(COLLECTED MATERIAL)

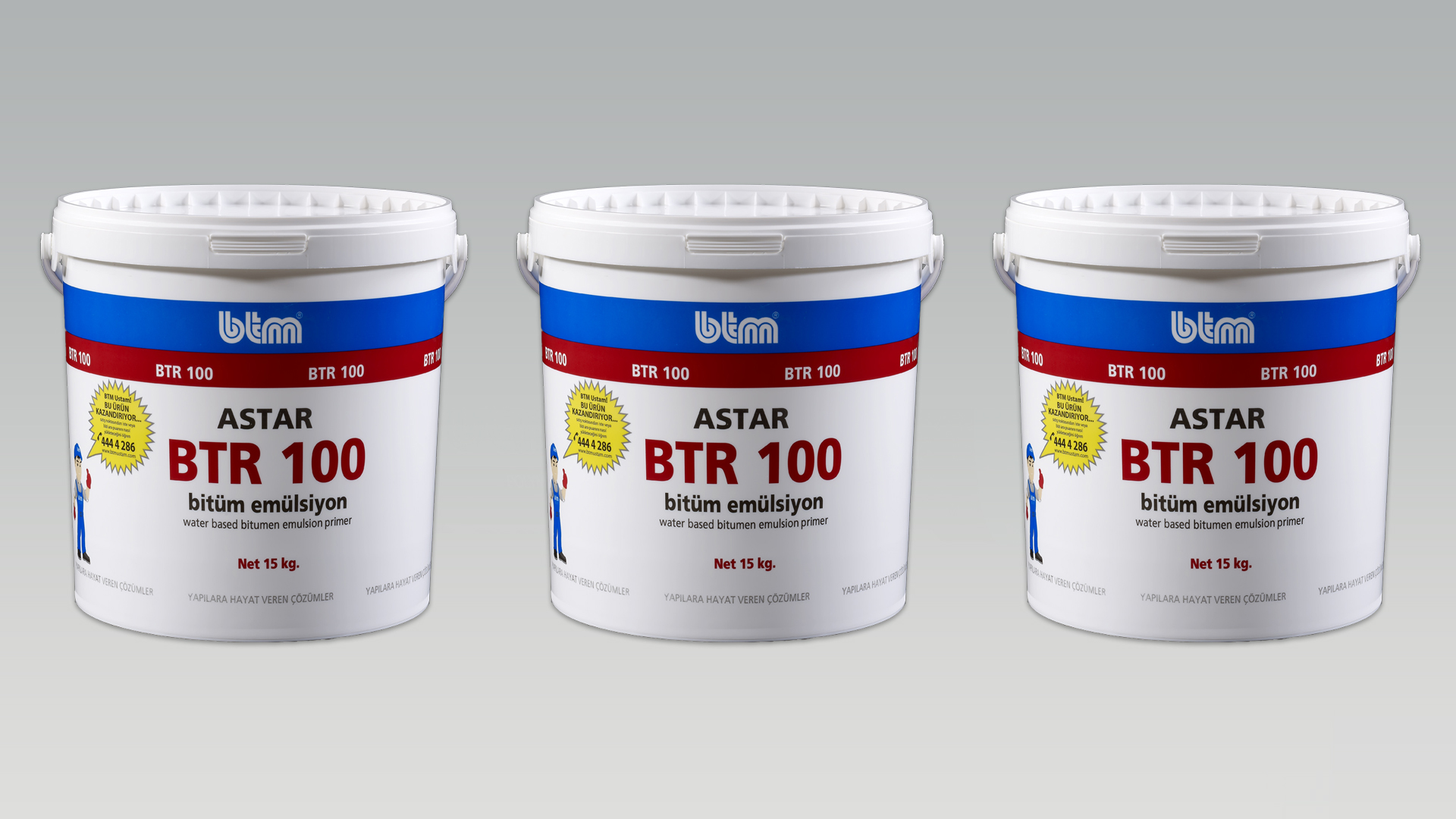Yalıtım yapılacak yüzeylere astar uygulanmadan önce yüzey düzgünlüğü, yüzey kuruluğu ve temizliği ve yeterli bir eğim şapının olduğu kontrol edilmelidir. Bu şartlar sağlandıktan sonra BTM Sürme Esaslı Su Yalıtım Malzemesi BTR 100- Astar metrekareye 400 g olacak şekilde fırça veya tabanca ile yüzeye uygulanır ve tamamen kuruyuncaya kadar beklenir. Gerekli olduğu taktirde %20 oranında su ile inceltilerek de kullanılabilir. Hava koşullarına bağlı olarak yaklaşık 4-5 saatte kurur. İki kat uygulamalarda, ilk kat tam kurumadan diğer kat sürülmemelidir. Su yalıtım örtüsü yapıştırma işi astar tamamen kuruduktan sonra başlatılır.
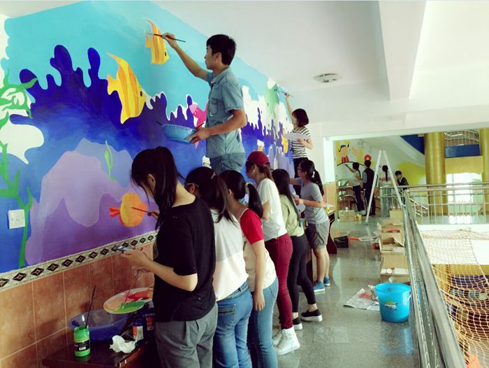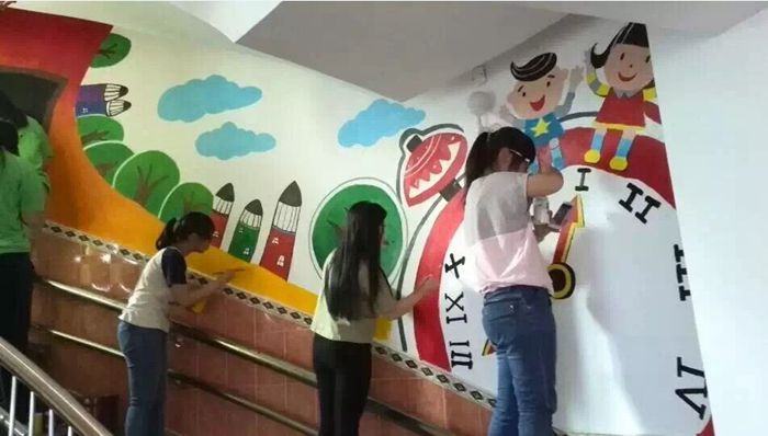 此次墙绘总长超过60米,面积约200平方米,装点了福利院大厅和每层楼梯墙面,内容包括海洋世界、美丽校园、快乐生活、浩瀚宇宙等主题。为在福利院生活的儿童美化了环境,也带领孩子们进入了一个个美丽的童话世界。学生们用双手、用创意装妆点了福利院孩子们的童年。
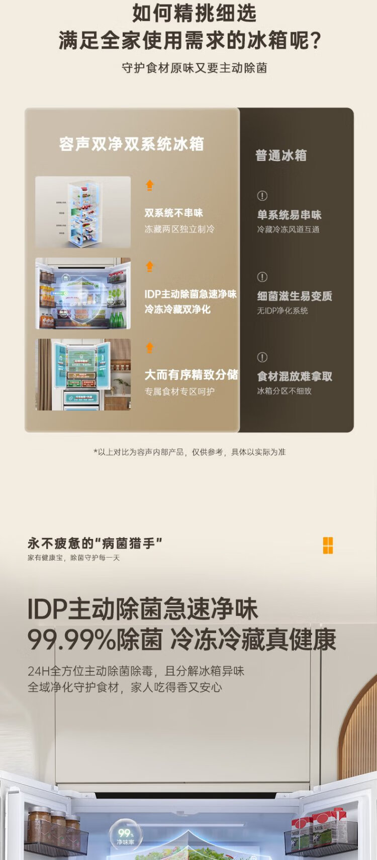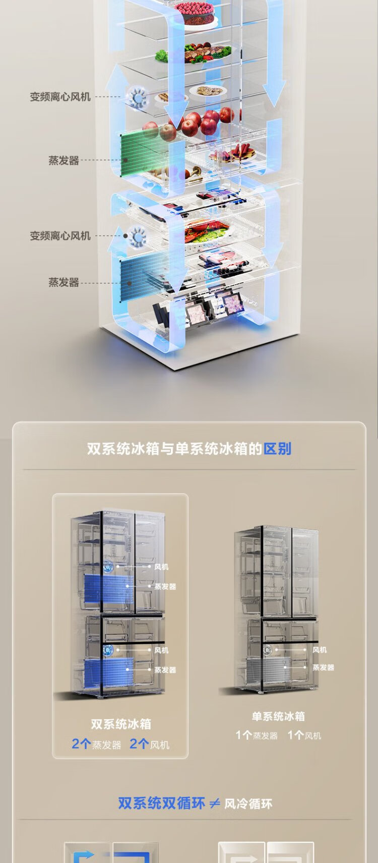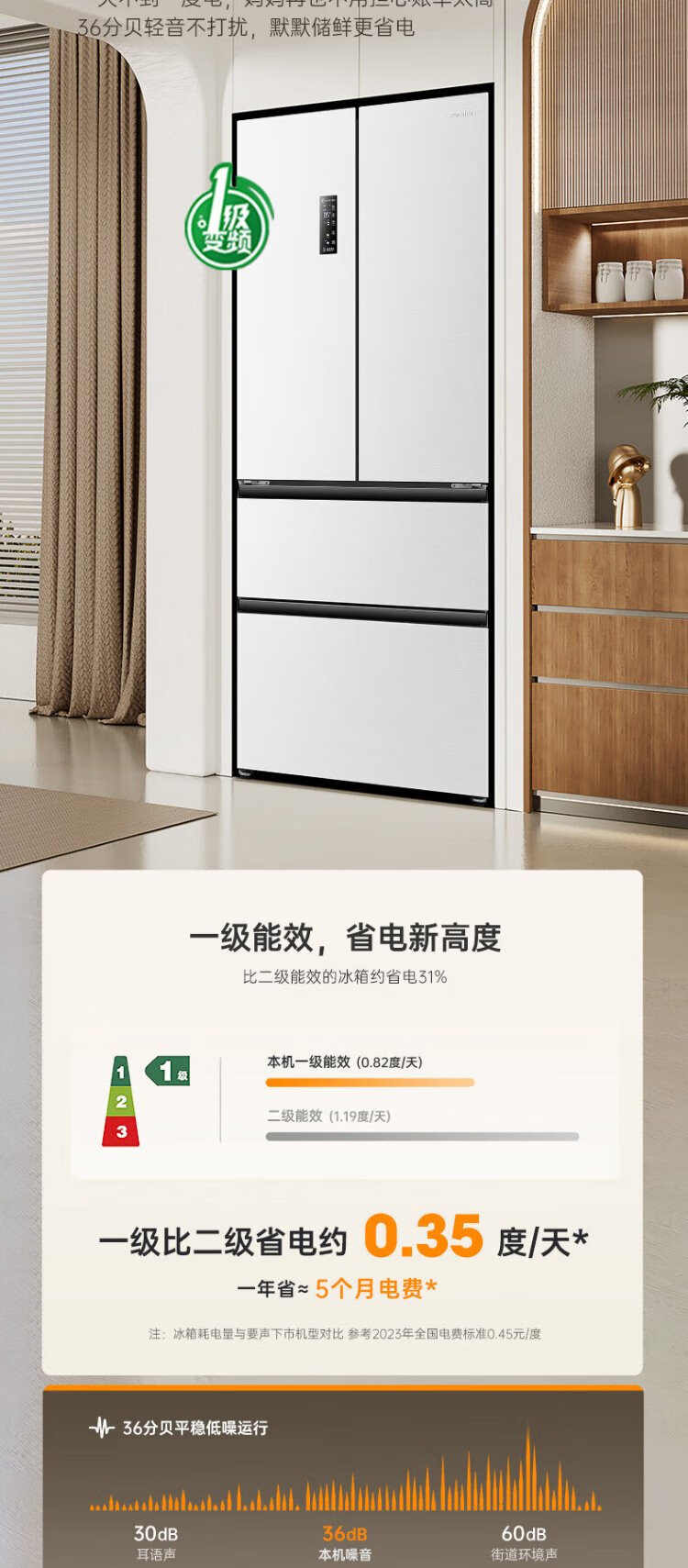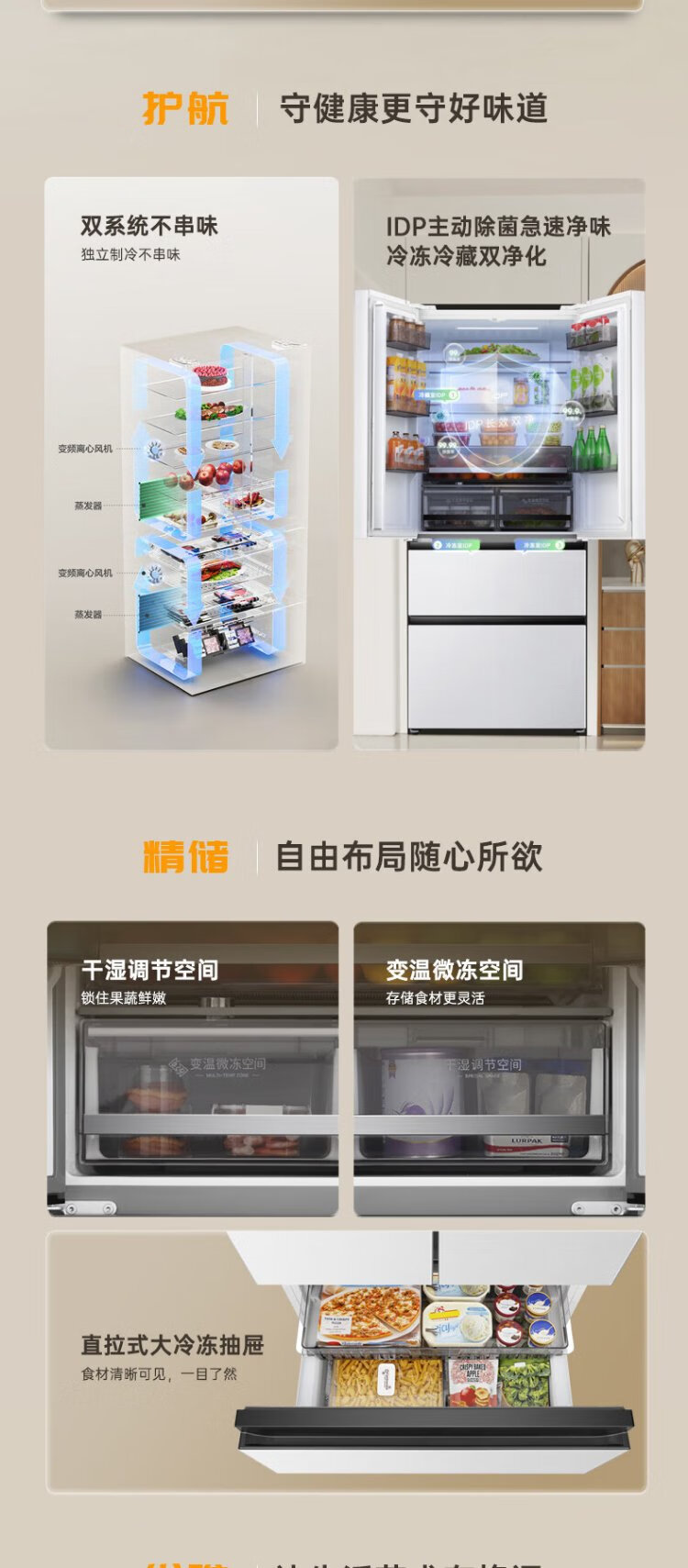 Rongsheng 526-liter dual-clean dual-system French multi-door four-door refrigerator household first-class energy efficiency air-cooled frost-free energy-saving large capacity BCD-526WD1MPA white national subsidy BCD-526WD1MPA

(End COLLECTED MATERIAL)

REQUIREMENT – Without copying any picture, write out all of the material exactly as it reads.

ANSWER TO THIS EXERCISE –
Yalıtım yapılacak yüzeylere astar uygulanmadan önce yüzey düzgünlüğü, yüzey kuruluğu ve temizliği ve yeterli bir eğim şapının olduğu kontrol edilmelidir. Bu şartlar sağlandıktan sonra BTM Sürme Esaslı Su Yalıtım Malzemesi BTR 100- Astar metrekareye 400 g olacak şekilde fırça veya tabanca ile yüzeye uygulanır ve tamamen kuruyuncaya kadar beklenir. Gerekli olduğu taktirde %20 oranında su ile inceltilerek de kullanılabilir. Hava koşullarına bağlı olarak yaklaşık 4-5 saatte kurur. İki kat uygulamalarda, ilk kat tam kurumadan diğer kat sürülmemelidir. Su yalıtım örtüsü yapıştırma işi astar tamamen kuruduktan sonra başlatılır.
 此次墙绘总长超过60米,面积约200平方米,装点了福利院大厅和每层楼梯墙面,内容包括海洋世界、美丽校园、快乐生活、浩瀚宇宙等主题。为在福利院生活的儿童美化了环境,也带领孩子们进入了一个个美丽的童话世界。学生们用双手、用创意装妆点了福利院孩子们的童年。
 Rongsheng 526-liter dual-clean dual-system French multi-door four-door refrigerator household first-class energy efficiency air-cooled frost-free energy-saving large capacity BCD-526WD1MPA white national subsidy BCD-526WD1MPA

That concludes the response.